Quick reference: The Bitcoin Ledger

• The user will need to download the Bitcoin's 'client' software
• The software will download/synchronize the whole blockchain i.e., all transactions recored in the history of Bitcoin
• All Bitcoin clients store all records of all transactions (a copy of the ledger)

Some questions that may arise are:

• How are the copies of the ledger synchronized?
• If conflicting messages regarding a transaction are received, how does the client recognize which is the correct and which the fraudulent is?

Would that by now remind you of the Byzantine Generals' Problem?

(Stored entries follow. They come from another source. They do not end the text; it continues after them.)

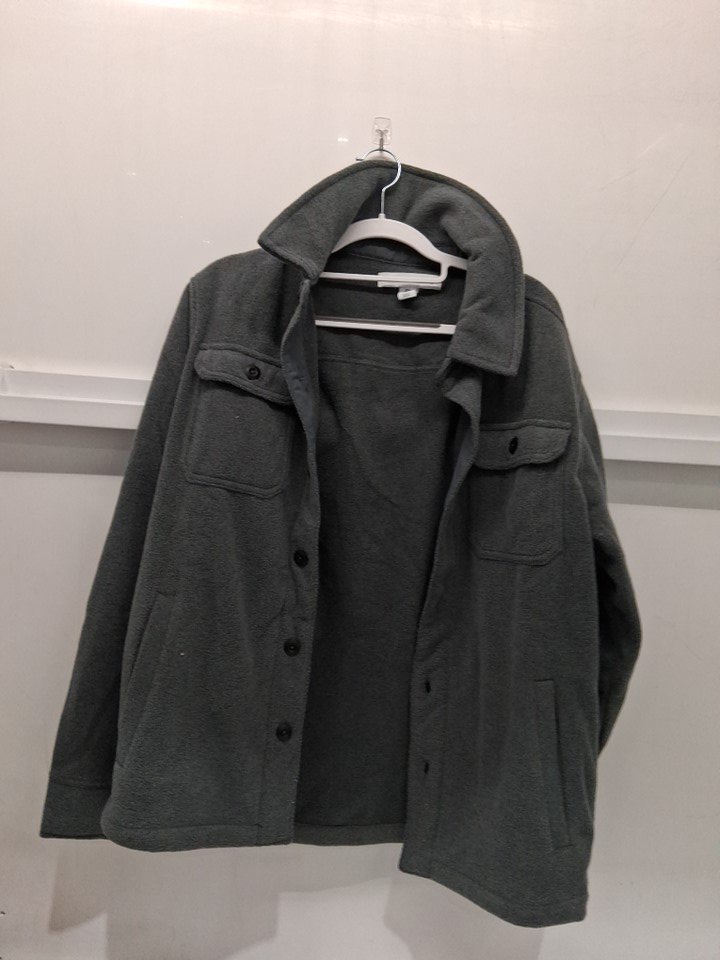 MENS AMAZON ESSENTIALS LONG SLEEVE POLAR FLEECE SHIRT JACKET - MEDIUM - CHARCOAL HEATHER
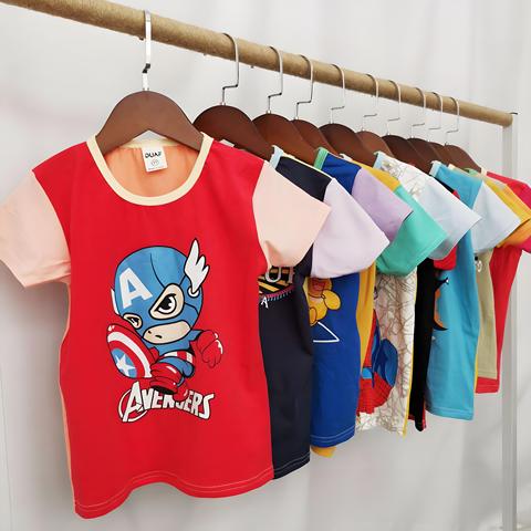 Оптовая продажа, разноцветная детская повседневная одежда, летний мультяшный Печатный стиль, случайные поставки
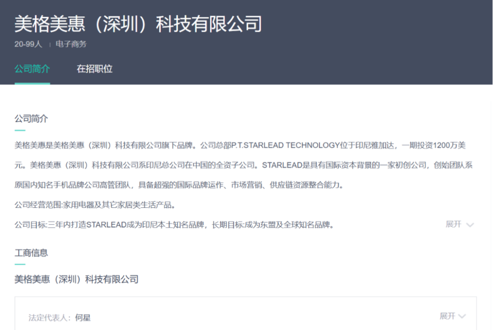 目前,Starlead已在国内设立分公司,即美格美惠(深圳)科技有限公司,企查查信息显示,何星为该公司第一大股东,持股比例达50%。
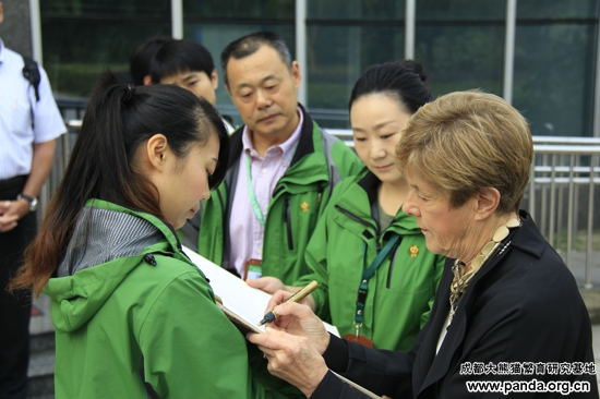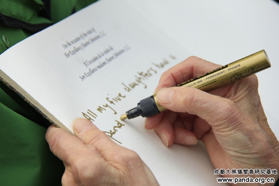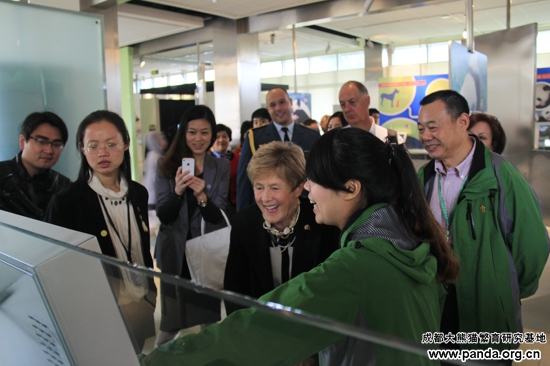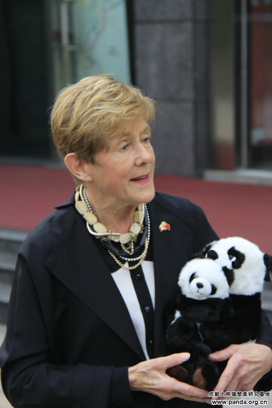 2013年10月23日上午9时,加拿大总督夫人宋雯女士一行来到大熊猫繁育研究基地,基地工会主席钟培成热情迎接宋雯女士的到访。首先,宋雯女士在基地工会主席钟培成的陪同下来到大熊猫探秘馆进行参观。在这里,宋雯女士一行通过工作人员的介绍和探秘馆中展示的图片以及视频资料了解了成都大熊猫基地发展历史和保护大熊猫这一濒危物种的重要性。参观完大熊猫探秘馆后,她兴致勃勃的在基地的留言薄上留下了她此时此刻的心情。当得知住在加拿大多伦多动物园中的一只大熊猫是来自这里,她非常激动。她感谢熊猫基地给加拿大人民带去的不仅仅是活泼可爱的大熊猫,更带来了来自中国的问候和中加人民的友谊。随后,宋雯女士来到太阳产房看到大熊猫宝宝,她非常激动的对身边的工作人员说:“这真是神奇和可爱的动物,这是我所看见过的最可爱的动物,我深深被他们吸引。”
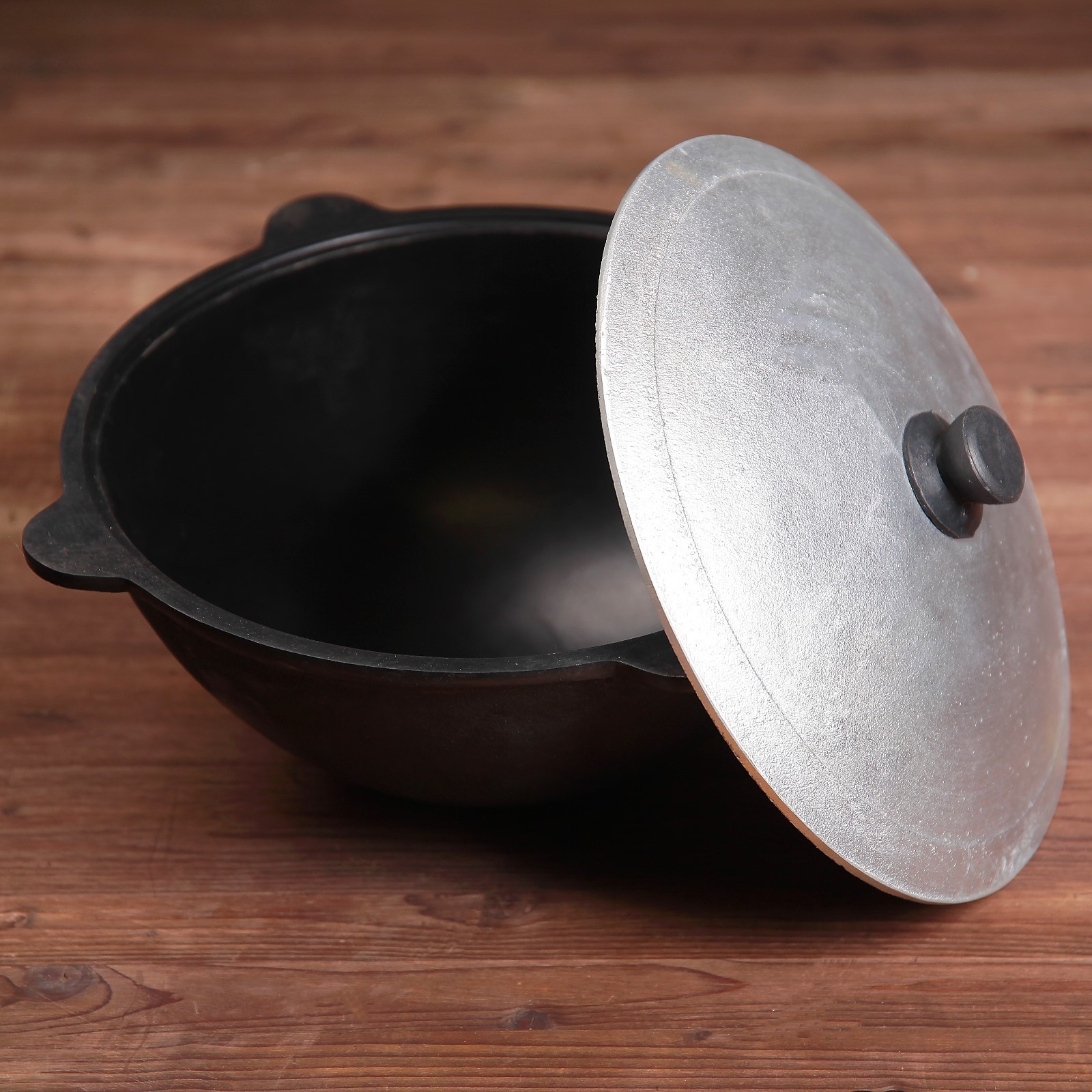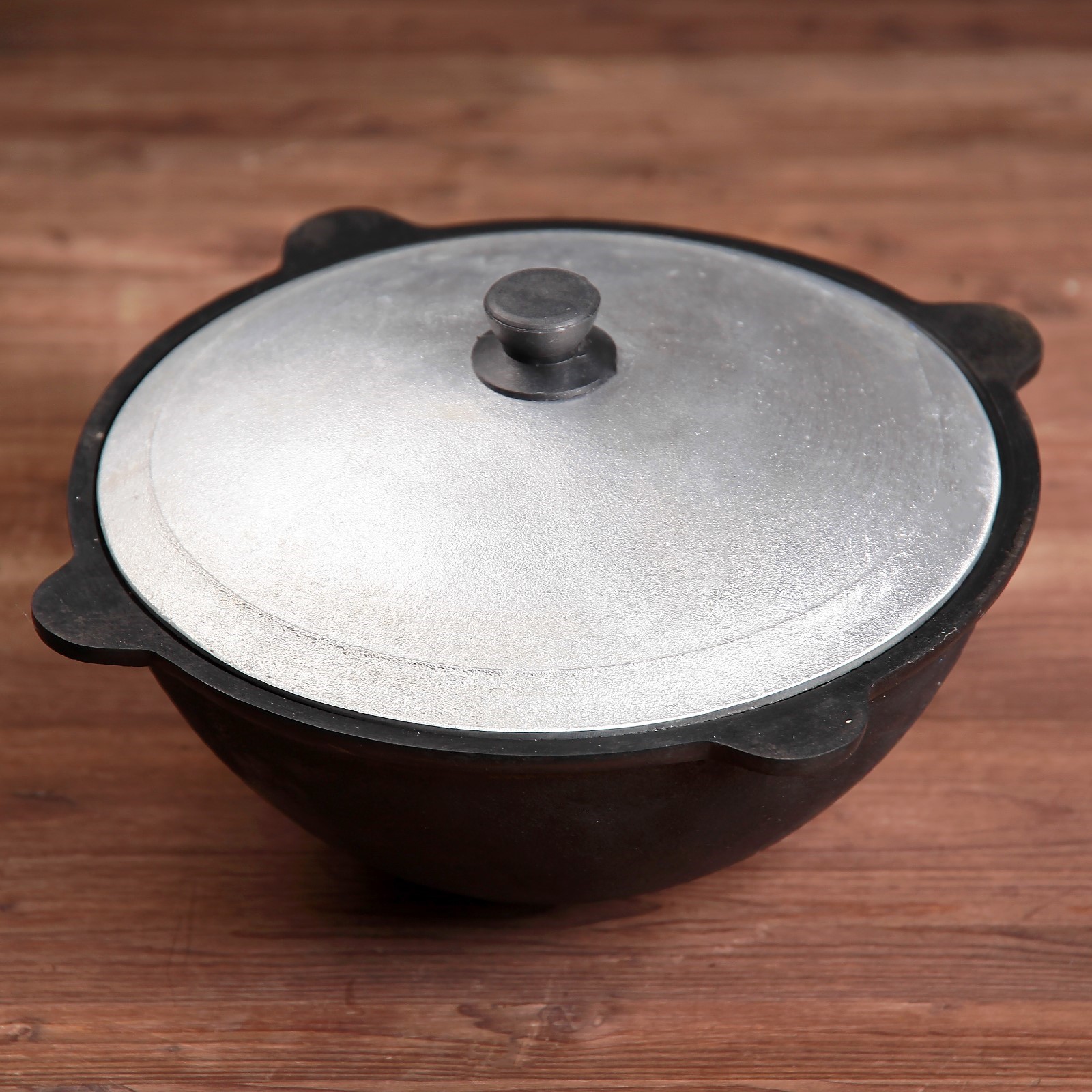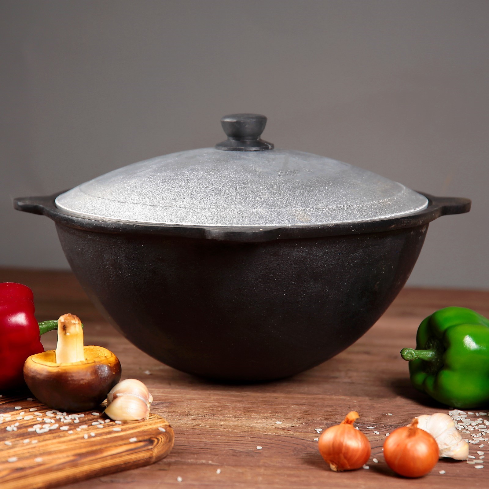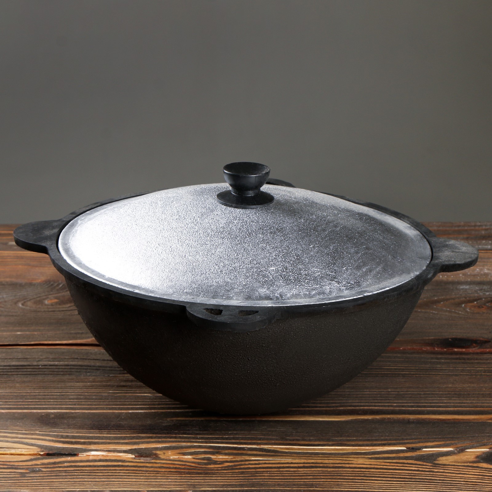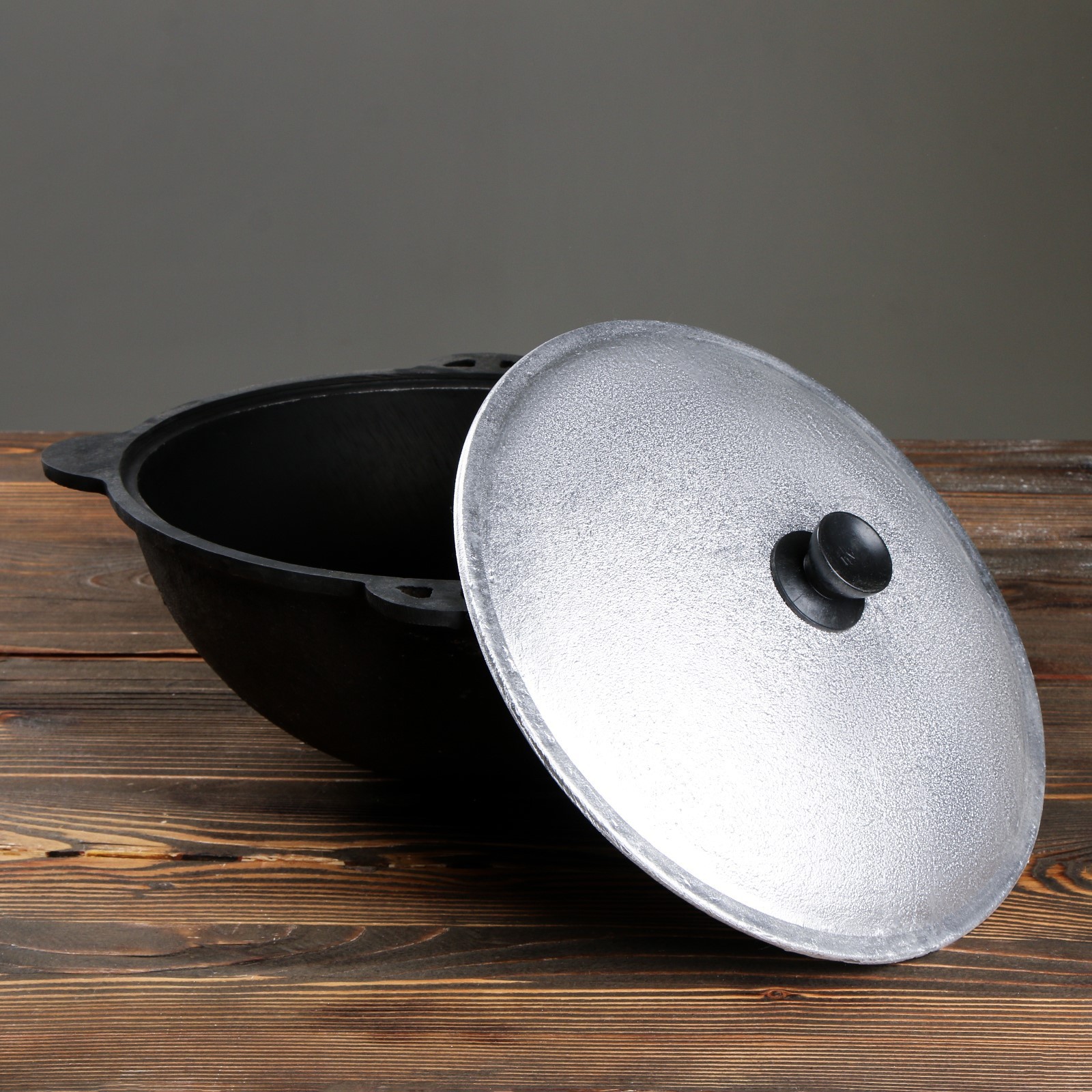 Казан чугунный, 6 л, круглое дно, алюминиевая крышка

To make the analogy to BGP and assuming a distributed ledger, any input data (i.e., the messages) to the ledger (relating the ledger as the agreed action i.e., the time of attack) must be trusted by everyone. In distributed networks though, participating entities are dispersed with an uncertain level of trust. Thus, making it impossible to assume that all entities are trustworthy without the existence of a central governance (aka centralized authority).

So, how can you ensure that all autonomous entities agree upon the same task (e.g, exact time to attack)? In distributed ledger terms we need to make sure that:

• the inputs to the distributed ledger are accurate, and
• the ledger itself contains (records) accurate information (encoded as transactions and bundled together into what we call a block)

How are transactions confirmed?

A process called mining, is what verifies a transaction, by solving a problem called as 'proof-of-work'.

As a reward for verifying the transactions & creating new blocks, the miners receive new bitcoins. An incentivised mechanism for people to allocate computational power to the network. As more participants join the network the more secure it becomes.

Let's take a quick look at the process

A

The Miners broadcast the transactions in a block

B

A cryptographic hash function of the previous block header is applied to the new block

C

The Miner tries to solve the Proof-of-Work:

1. Creates a hash of Last Block Header + Block of New Transactions + Random Number
2. Applies SHA-256 to the above
3. The hash is reviewed against a predetermined value and if it is greater than the value, the process is repeated. If it is less than the above value, then prize is awared to the miner that first found the solution to the problem.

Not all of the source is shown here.